At its Dash 2019 conference today, Datadog launched a series of DevOps initiatives that significantly expand the use cases for the agent software that drives the company’s monitoring services.
Additions to the Datadog portfolio include Network Performance Monitoring and Real User Monitoring (RUM) services as well as general availability of a previously announced service for monitoring serverless computing frameworks.
In addition, Datadog announced it is adding Tracing without Limits to its application performance monitoring (APM) and distributed tracing service that allows DevOps teams to search all traces without live sampling and store the traces matching bad user experiences for the long-term.
Finally, Datadog is adding support for log rehydration and the ability to generate custom metrics from ingested log data residing within its log management service.
Ilan Rabinovitch, vice president of product and community for Datadog, said the company continues to invest in expanding the core use cases for which its agent software can be applied. Over time, that approach will enable DevOps teams to rationalize the types of agent software they need to deploy to monitor applications, cybersecurity, infrastructure, networking and user experience, he said.
Rabinovitch noted that interest in extending the reach and scope of Datadog services into the realm of networking is especially high because DevOps teams today have little visibility into how the various software-defined network (SDN) services provided by cloud service providers are impacting their applications.
DevOps teams are also now being asked to present IT metrics in a way that reflects actual end user experiences. The RUM service being provided by Datadog achieves that goal by making it easier to track front-end latency metrics such as time to interactive and time to first byte, in addition to providing a geographic location, the operating system and browser types being employed by the end user.

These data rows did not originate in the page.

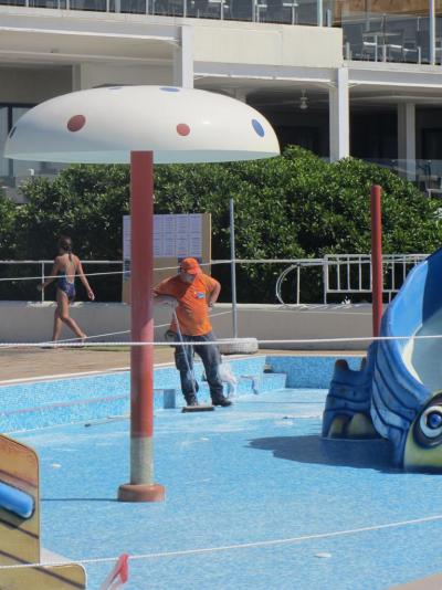 Vbavení hotelu je na poměrně ucházející úrovni a odpovídá stáří hotelu. Trochu zklamání bylo z chování recepce, přijeli jsme v kolem 12:00h a nebyl pro nás k disposici pokoj. Recepční nám bylo sděleno, že bude zhruba za 1h. Po 1,5 hodinovém čekání, kdy jsme seděli s pětiletou vnučkou přímo u recpece a paní recepční se na nás dívala, jsem se šel zeptat zda už je pokoj k disposici a recepční mi s úsměvem předala dveřní kartu, klíč od trezoru a kartičky na ručník. Když jsem se zeptal, kde jsou pokoje umístěny, bylo mi řečeno že "tam". Naštěstí se objevil rusky hovořící portýr, který se nabídl, že nám kufry na pokoj dopraví a doprovodí nás. Všechna komunikace v hotelu probíhá v angličtině, němčině a ruštině, méně jazykově vybavení mají proto smůlu. Animační programy probíhají v němčině a ruštině, český klient, pokud neovládá jazyk má smůlu a to především děti. Bazény jsou v areálu 4, z toho 2 dětské. Je zde jeden tobogán a jedna skluzavka větší a čtyři skluzavky v dětském bazénu. V tomto bazénu nastal velký problém, kdy jeden den po příchodu k tomuto bazénu byl tento vypuštěný a pracoval zde jeden řemeslník, který pomocí jednoduchého nářadí a prstů spároval poškozený mozaikový obklad dna bazénu. Dotazoval jsem se na recpeci, kdy bude oprava ukončena, bylo mi s úsměvem sděleno, že to nikdo neví. Druhý den, bylo vše opraveno a celý den byl bazén pomocí hadice o průměru 0,5" napoušťěn. Konečně kolem 17:30h bylo dílo hotovo. Protože naší vnučce není ještě 6 let, nebyla přísným plavčíkem vpuštěna na větší tobogán a skluzavku i když jsem se zaručil za její bezpečnost. Ve výsledku tedy ze 6 dní pobytu, jsme nemohli 2 dny využít dětský bazén, kvůli kterému jsme tam s vnučkou vlastně jeli.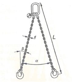 #271. W oparciu o przedstawiony rysunek wskaż wartość A (DOR w oparciu o kąt a ) dla zawiesia dwucięgnowego: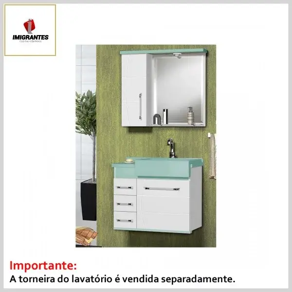Kit Banheiro Toucador +Espelheira 0.60 Stilo Acqua - Larg. 60cm (59.5ᴸx32.0ᴾx56.0ᴬcm) - Imigrantes

Rabinovitch noted that as organizations become more dependent on digital business processes, they are moving to instrument every aspect of delivering IT services. For example, APM in the past might have been limited to a handful of mission-critical applications running on-premises. Now, as more digital business applications become distributed across both cloud and on-premises IT environments, the need for visibility across interdependent applications and microservices has become more acute, he said, adding most organizations would prefer to consume monitoring as a service versus having to deploy and maintain that software themselves.
It’s unclear how being able to apply a common base of agent software might accelerate the convergence of job functions within an IT organization. But it does make it easier for cross-functional IT teams to collaborate and troubleshoot IT environments so all members of a team can use a common management platform to identify issues. In many cases, the amount of time saved by eliminating the need to convene a “war room” meeting whenever a new issue is discovered might in and of itself be priceless.